There will doubtless be extreme pushback by misogynists and men’s rights advocates against Lacy and Obocock’s observations that women have physical capabilities that influence health and athletic performance.
But these qualities have been depended upon throughout human history whether a woman or a man has possessed them: endurance, flexibility, muscle recovery, and stamina. Lacy and Obocock use the example of ultramarathon runner Sophie Power, who ran a 105-mile marathon while breastfeeding her 3-month-old baby at rest stations.
Another Piece of Wisdom
Bruce is a recovering alcoholic who has been sober for 27 years. Both he and I grew up in severely abusive homes. Yet neither of us has repeated the behavior we suffered from as children and teens in our adult lives. Bruce often shares a piece of wisdom from Alcoholics Anonymous (AA): “alcoholics believe themselves to be unique and special, but the opposite is true.”
We are all just humans.
It seems to me that if people spend all their time trying to differentiate themselves from others, particularly if that differentiation is oriented toward being “special” or “better than,” they usually end up achieving the opposite.
Yesterday, Bruce and I were talking about hygeine habits and grooming and I commented, “I have shaved everywhere for my whole life — it does get tiring sometimes.”
“People in ancient history didn’t even used to take baths,” he said.
I disagreed, saying, “Well, I don’t know — the Romans built many baths and everyone went. The ancient Egyptians plucked their hair and used a lot of perfume.”
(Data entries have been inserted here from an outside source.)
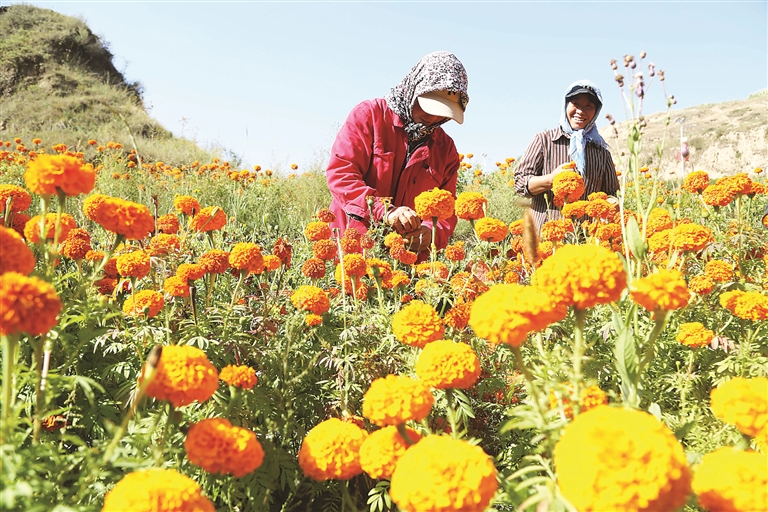 9月4日,農(nóng)民在甘肅省定西市隴西縣馬河鎮(zhèn)賀家川村采摘萬壽菊。
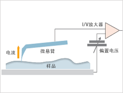 對樣品施加偏置電壓,檢測出微懸臂與樣品之間的電流并輸出影像。此外,還可以進(jìn)行I/V測量。
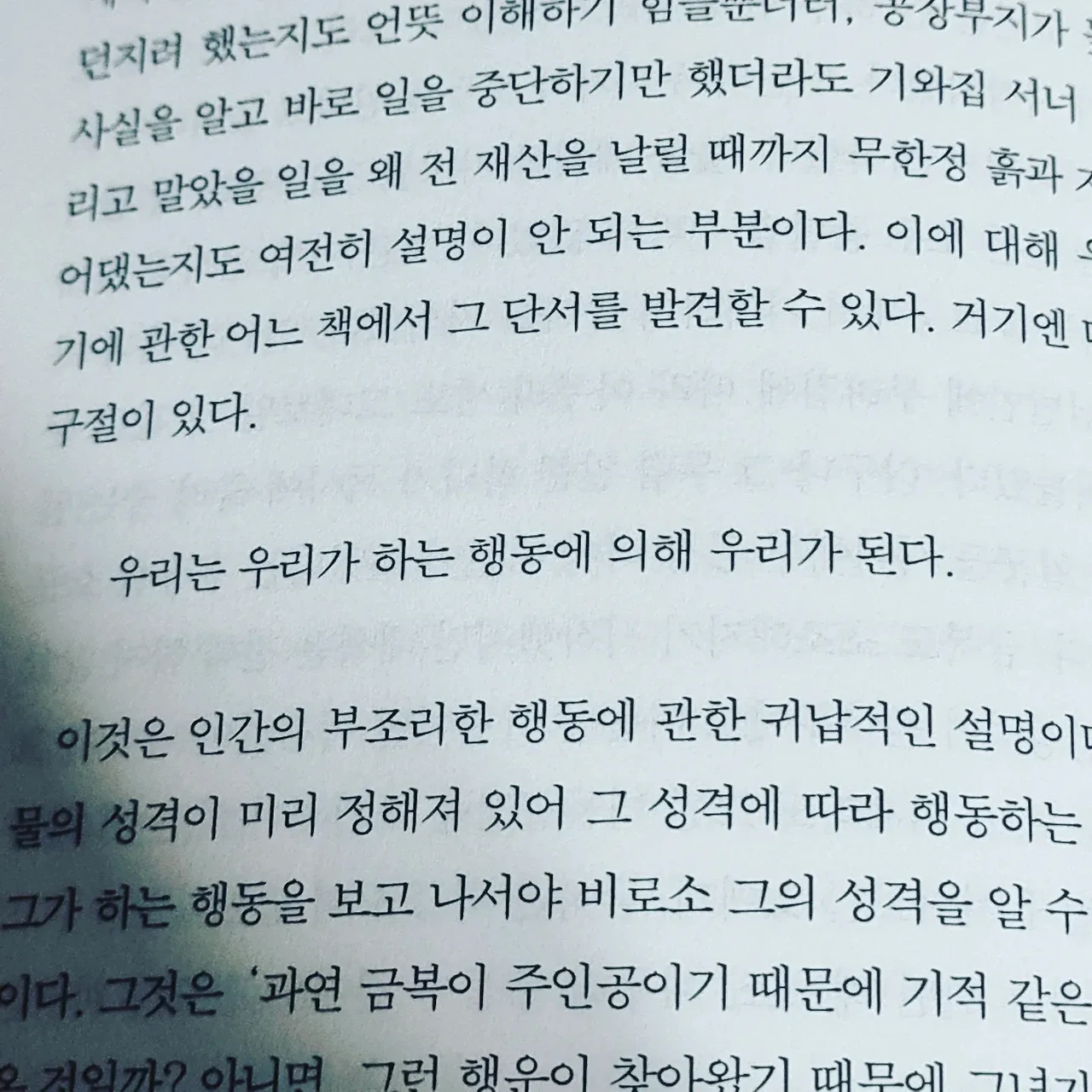 - '금복은 늪지대에 벽돌공장을 지음으로써 무모하고 어리석은 여자가 되었다.' '우리는 우리가 하는 행동에 의해 우리가 된다.'
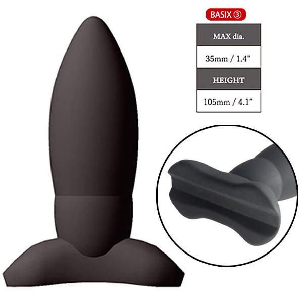 ベーシックシリーズはまるで座薬のように『挿れやすく留まりやすい』絶妙な角度に設計されたボディが特徴!また、最大径とくびれ部分の差を小さくする事でより拡張に適したアイテムに仕上がりました。
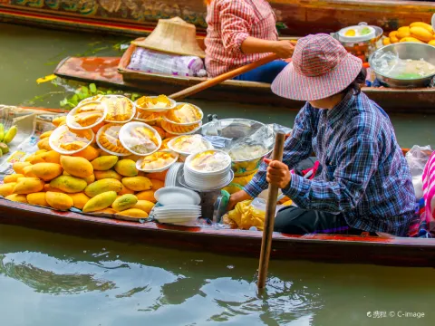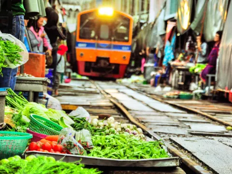 Mae Klong火車鐵路市場+Damnoen Saduak水上市場 Mae Klong火車鐵路市場:一睹攤販們在短時間收拾攤檔奇觀及體驗與火車擦身而過的驚險情景。
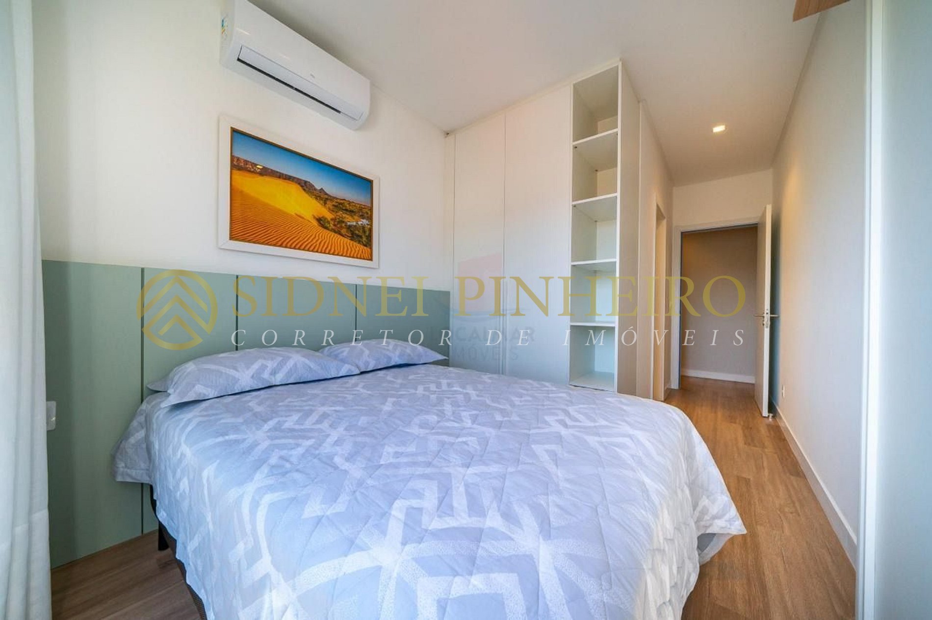 - 01 suíte com cama de casal com ar condicionado split;
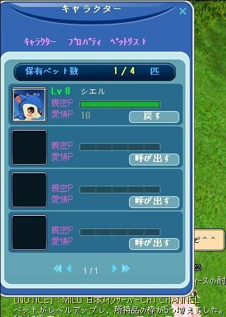 今日、ペットのシエルちゃんがLv8になりました♪
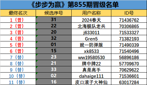 根据2024年10月10日中国福利彩票“双色球”玩法第24116开奖结果,《步步为赢》第855晋级名单已经产生。
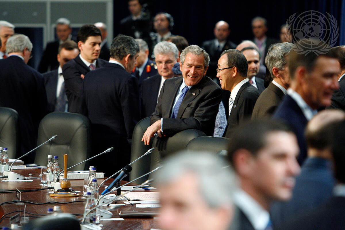 Secretary-General Ban Ki-moon speaking with George W. Bush, President of the United States of America, at a meeting of the Heads of State and Government of the 26-member North Atlantic Treaty Organization (NATO), on the situation in Afghanistan and Kosovo.
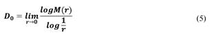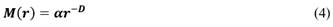 Donde M(r) es el número de cajas de tamaño “r” necesarias para cubrir (2D) o contener (3D) al objeto de estudio. El exponente es la conocida dimensión de Hausdorff [15], que se determina mediante el análisis en regresión de la representación de la relación:
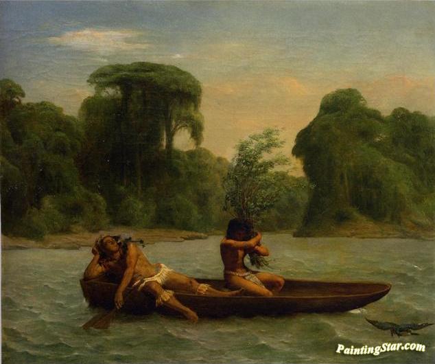 Two Indians In A Canoe, Art Painting by Francois-Auguste Biard
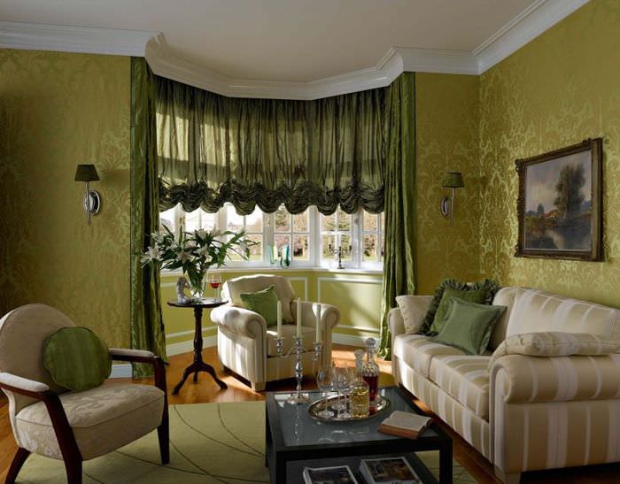 Сочетание оливкового и коричневого цветов в дизайне гостиной
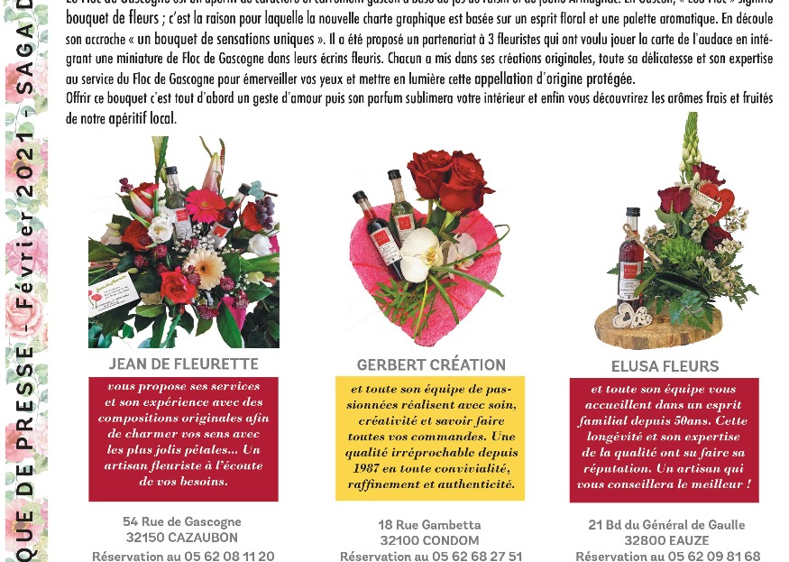 Le Floc de Gascogne met en place une opération de promotion à l’occasion de la Saint Valentin, le Dimanche 14 Février. La Saint Valentin ou la magie romantique... Les bouquets sont le cadeau le plus plebiscité, ils vont souvent de pair avec la journée des amoureux. DE FLOC DE GASCOGNE AUX PÉTALES

It seems as though we went through a more recent time in history where baths were frowned upon, from Louis XIV to the “Wild Wild West” when cowboys didn’t want to step into claw-footed bathtubs even though saloon girls made them.
Life is about our relationships with others. Humans do depend on each other. We may not always agree, but the idea that each of us is incredibly special, unique, and especially “better than” others doesn’t seem to confer either happiness, health, or evolutionary success. It’s more often a recipe for conflict, harm, and destruction.
This evolution of research and thought seems to be related to the easily disproven truisms that war and violence are inevitable human nature. Well heck, they might have been dirty in medieval times but they weren’t in ancient Rome — were they?
I am confident that Obocock and Lacy can handle the blowback coming their way. All for saying that women can do a few things and have some physical benefits.
Imagine there’s no genders!
Science can be either beneficial or detrimental to the world. It depends on for what purposes it is used. Gender in that case is not as much of a factor as you think.
The need to subjugate and debase women has always been nonsensical to me. My pet theory is that agriculture's surpluses allowed sociopaths to dominate the formerly egalitarian social structures humans had lived in for 99% of our history. Evolutionary quirks of our primate ancestry manifests as maladaptive behaviors that let the sociopaths not only stay in place, but be even more monstrous than they normally would have been.
It's humbling to think how much better our modern lives would be if a gene or two were a little different, or some long-lost accident of history had gone the other way, and women had never been sidelined as less-than.